Dr.Strangelove:
You’re wasting a bit of cooling capacity in that you might not want your condensed steam to be much below 100 C, but you don’t have good control over this (though you can adjust the length of radiant pipe). And you also don’t have good control over the temperature of your chilled water–you might be overcooling it if you just need 30 C water and not 5 C, say. But as a first draft this sounds fine. You can always build more advanced setups later :).
I read this and thought it sounded familiar. I went back to one of my old threads and found this in response to a question about how to improve GPU efficiency:
Only clock the chip as high as you need to. For instance, suppose you are locked to 60 Hz but the chip will render at 90 Hz flat-out. You then only need to clock the chip at 2/3 the level to hit your target.
Strongly related to this is: only use as much voltage as you need. Chips need more voltage as they are clocked higher, so if you can reduce the clocks, you can cut the voltage and hence the power.

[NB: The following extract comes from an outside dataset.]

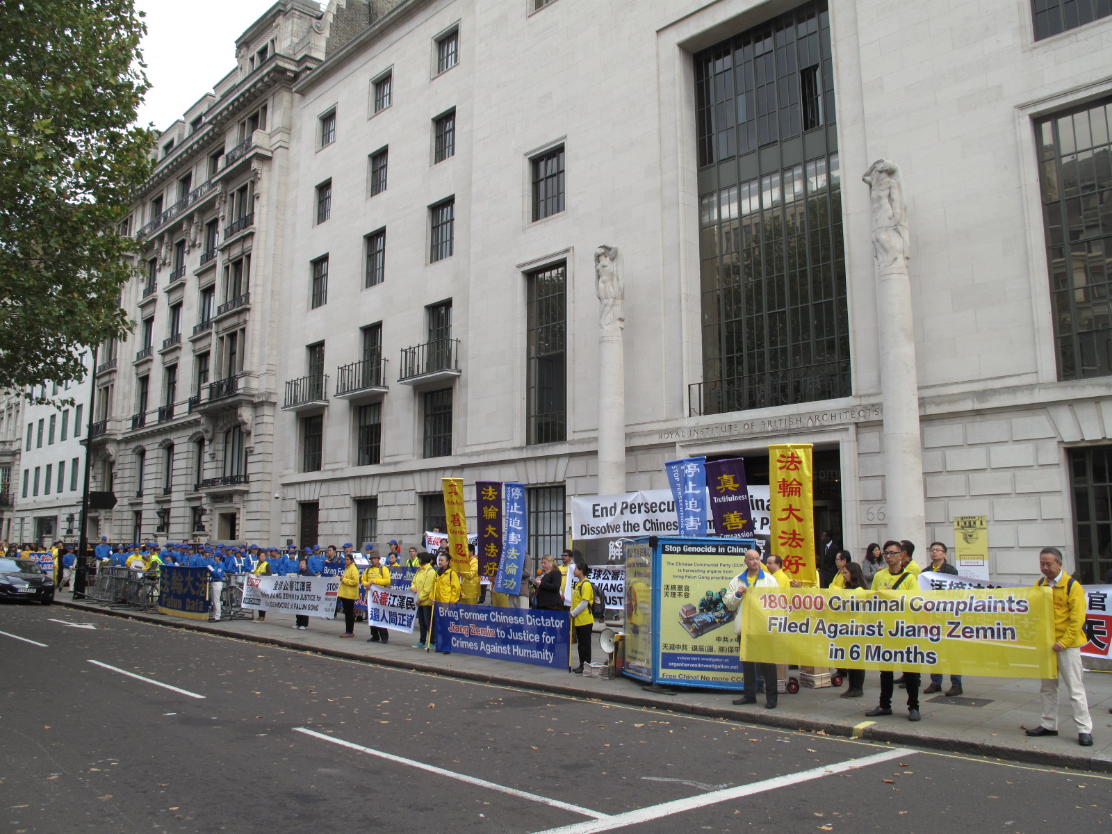 法轮功学员十月十日全天的活动包括在伦敦中使馆对面举行新闻发布会、在伦敦中心街道和伦敦唐人街游行、在圣马丁广场举行集会和炼功弘法以及在中使馆对面举行集体烛光守夜和平抗议等。这一系列活动得以让更多民众了解了法轮功真相,并加入传播真相、反迫害、谴责中共活摘法轮功学员器官罪恶以及声援全球公审江泽民的正义队伍。

Only clock the parts of the chip doing work. For instance, GPUs do both math ops and texture ops. But if you’re going math-heavy work, the texture units are idle. They should be unclocked, or–even better–powered off completely (this can be hard).
Just as a very general principle, don’t be wasteful in the work you do. Don’t use 32 bits when 16 bits is enough. Be smart about memory locality–better caches mean fewer memory transactions. Etc.